With the check-jsonschema
CLI, we get the following trace (trimmed to relevant parts):
full-cli-traceback
$ check-jsonschema --schemafile badrefschema.json <(echo '{"foo": "bar"}')
Traceback (most recent call last):
<<<<<check-jsonschema invocation path shows here>>>>>
File "/home/sirosen/projects/jsonschema/check-jsonschema/src/check_jsonschema/checker.py", line 73, in _build_result
for err in validator.iter_errors(data):
File "/home/sirosen/projects/jsonschema/check-jsonschema/.venv/lib/python3.11/site-packages/jsonschema/validators.py", line 368, in iter_errors
for error in errors:
File "/home/sirosen/projects/jsonschema/check-jsonschema/.venv/lib/python3.11/site-packages/jsonschema/_keywords.py", line 295, in properties
yield from validator.descend(
File "/home/sirosen/projects/jsonschema/check-jsonschema/.venv/lib/python3.11/site-packages/jsonschema/validators.py", line 416, in descend
for error in errors:
File "/home/sirosen/projects/jsonschema/check-jsonschema/.venv/lib/python3.11/site-packages/jsonschema/_keywords.py", line 274, in ref
yield from validator._validate_reference(ref=ref, instance=instance)
File "/home/sirosen/projects/jsonschema/check-jsonschema/.venv/lib/python3.11/site-packages/jsonschema/validators.py", line 410, in descend
for k, v in applicable_validators(schema):
^^^^^^^^^^^^^^^^^^^^^^^^^^^^^
File "/home/sirosen/projects/jsonschema/check-jsonschema/.venv/lib/python3.11/site-packages/jsonschema/_legacy_keywords.py", line 17, in ignore_ref_siblings
ref = schema.get("$ref")
^^^^^^^^^^
AttributeError: 'str' object has no attribute 'get'
This shows an error in jsonschema
(not quite at referencing
yet!). I had to tinker around with things to find the right trigger conditions, but this seems to do the trick, as a nasty schema:
{
"$schema": "http://json-schema.org/draft-07/schema",
"type": "object",
"definitions": {
"sub": {
"foo": {
"type": "object",
"properties": {
"bar": "invalid"
}
}
}
},
"properties": {
"foo": {
"$ref": "#/definitions/sub/foo"
}
}
}
Now, trying to use it triggers an attempt to call .get()
on a string:
$ check-jsonschema --schemafile badrefschema.json <(echo '{"foo": {"bar": "baz"}}')
(trimmed trace)
File "/home/sirosen/projects/jsonschema/check-jsonschema/.venv/lib/python3.11/site-packages/jsonschema/validators.py", line 408, in descend
resolver = self._resolver.in_subresource(
^^^^^^^^^^^^^^^^^^^^^^^^^^^^^^
File "/home/sirosen/projects/jsonschema/check-jsonschema/.venv/lib/python3.11/site-packages/referencing/_core.py", line 689, in in_subresource
id = subresource.id()
^^^^^^^^^^^^^^^^
File "/home/sirosen/projects/jsonschema/check-jsonschema/.venv/lib/python3.11/site-packages/referencing/_core.py", line 225, in id
id = self._specification.id_of(self.contents)

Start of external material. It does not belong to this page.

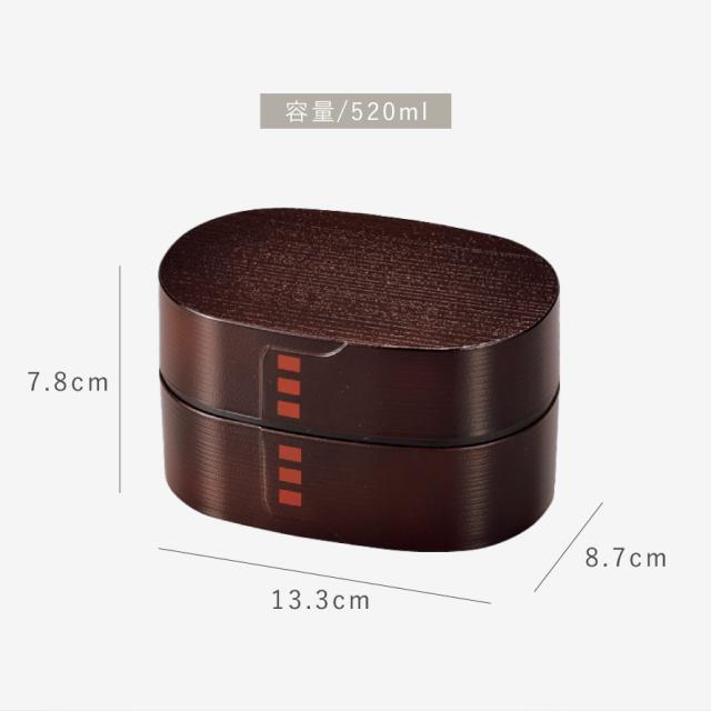 まるで木製わっぱのような質感。職人の手仕事で仕上げられた二段の塗り弁当箱です。小学生、女子中高生、大人の女性、小食な男性におすすめの520mlサイズ。

^^^^^^^^^^^^^^^^^^^^^^^^^^^^^^^^^^^^^^^^
File "/home/sirosen/projects/jsonschema/check-jsonschema/.venv/lib/python3.11/site-packages/referencing/jsonschema.py", line 50, in _legacy_dollar_id
id = contents.get("$id")
^^^^^^^^^^^^
AttributeError: 'str' object has no attribute 'get'
Proposed Resolution
Obviously, the best resolution is for such a schema to never get written, since it's invalid. 😁
And I'll be trying to advise the upstream provider of the schema against nesting things under definitions
, since it weakens the kind of checking which is possible.
But should various referencing
internals be more wary that an input may be a dict, a bool, or something unwanted/unexpected? Or should referencing
check for bad inputs more aggressively when loading data?
The goal here is to have a better and clearer error in this case, not to ignore the malformed schema.
I think the best thing here is that one of the levels of document loading in Referencing
checks if the value is dict | boolean
. If we only consider JSON Schema, it could be a validator on Resource.contents
. That makes the most sense to me, conceptually, for JSON Schema, but it ties in non-generic details of that spec (vs more general $ref
resolution). Perhaps JSONSchemaResource(Resource)
is the right thing, which adds said validation?
(NB: I'm reading a lot of the internals pretty quickly and for the first time, so my ideas here may not hold up.)